200 OK is the standard success response for a request that was processed successfully. 201 Created is returned when a new resource was successfully created — typically in response to a POST request. The 201 response usually includes a Location header pointing to the newly created resource.

When should APIs return 429?

429 Too Many Requests is returned when a client has sent too many requests in a given time period and is being rate-limited. The response should include a Retry-After header indicating how long the client should wait before retrying.

What is the difference between 500 and 503?

500 Internal Server Error means the server encountered an unexpected condition that prevented it from fulfilling the request — a generic server-side error. 503 Service Unavailable means the server is temporarily unable to handle the request, usually due to being overloaded or down for maintenance.

Can I use this tool to choose status codes for mock APIs?

Yes.
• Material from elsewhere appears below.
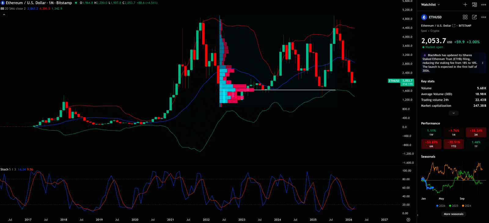 Looking at the Monthly Chart, the Bollinger Bands provide a macro boundary. ETH is currently struggling below the middle band ($2,867.2), approaching the lower band ($1,342.9). The Stochastic Oscillator (5,1,3) has plunged deep into oversold territory (K=14.34, D=9.96) and is showing faint signs of a bullish crossover. From a macro-cycle perspective, ETH’s downward momentum is exhausting, and an epic rebound is brewing.
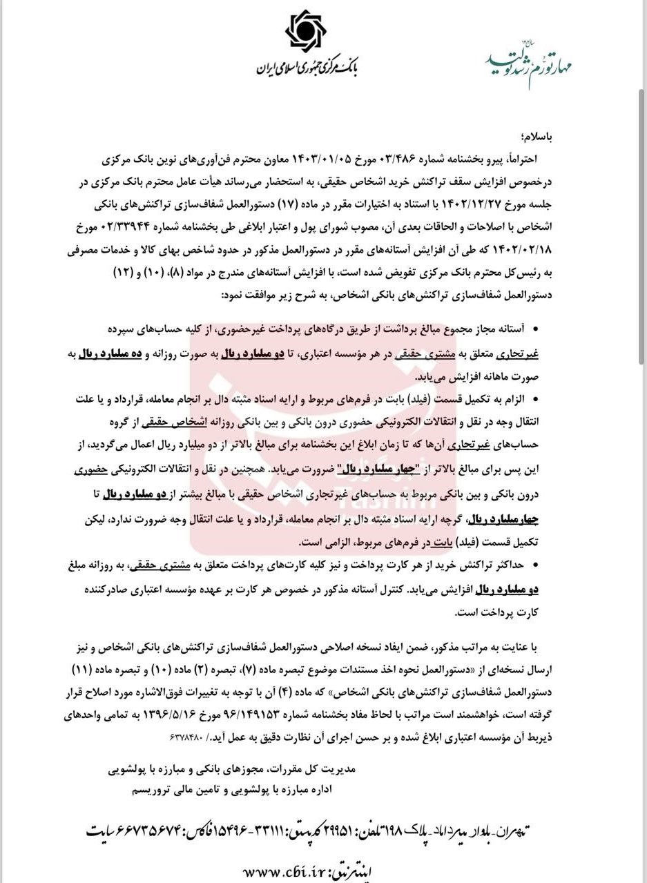 بانک مرکزی 27 اسفندماه سال 1402 مصوب کرد تا سقف برداشت از حساب های مشتریان حقیقی بانکها بصورت غیر حضوری روزانه از 100 میلیون تومان به 200 میلیون تومان و ماهانه به ده میلیارد ریال افزایش یابد.

When designing mock API response profiles in MockFlow, this explorer helps you choose the right status code for each scenario — 200 for success, 201 for creation, 400 for bad input, 401 for unauthorized, 403 for forbidden, 404 for not found, 422 for validation errors, 429 for rate limits, and 500 for server errors.

← Back to Tools

HTTP Status Code Explorer

Search status codes and understand common API responses.

100 Continue

1xx Informational

The server received the initial request headers and is ready for the request body.
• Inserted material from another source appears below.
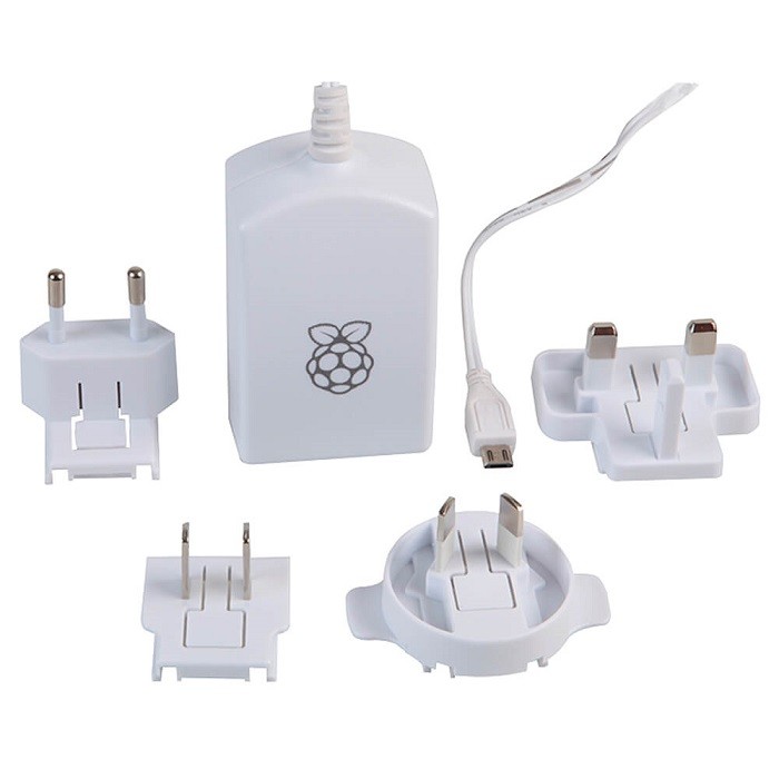 Esta fuente de alimentación universal oficial para Raspberry Pi con cable y conector MicroUSB integrados se suministra con cuatro adaptadores intercambiables que permiten su uso en todo el mundo. Adecuada para el modelo Raspberry Pi A, A+, B, B+ y la placa Compute de E/S

Common usage: Large upload begins only after the server confirms it can continue.

101 Switching Protocols

1xx Informational

The server accepts changing to a different protocol requested by the client.

Common usage: HTTP connection upgrades to WebSocket for real-time events.

200 OK

2xx Success

The request succeeded and the server returned the expected response.

Common usage: GET /users/123 returns a user object successfully.

201 Created

2xx Success

A new resource was created as a result of the request.

Common usage: POST /users creates a user and returns its id.

202 Accepted

2xx Success

The request was accepted for processing, but work has not completed yet.

Common usage: Export job is queued and will finish asynchronously.

204 No Content

2xx Success

The request succeeded, but there is no response body to return.

Common usage: DELETE /users/123 succeeds without returning JSON.

301 Moved Permanently

3xx Redirection

The resource has a permanent new URL and clients should update links.

Common usage: Old endpoint permanently redirects to a new versioned endpoint.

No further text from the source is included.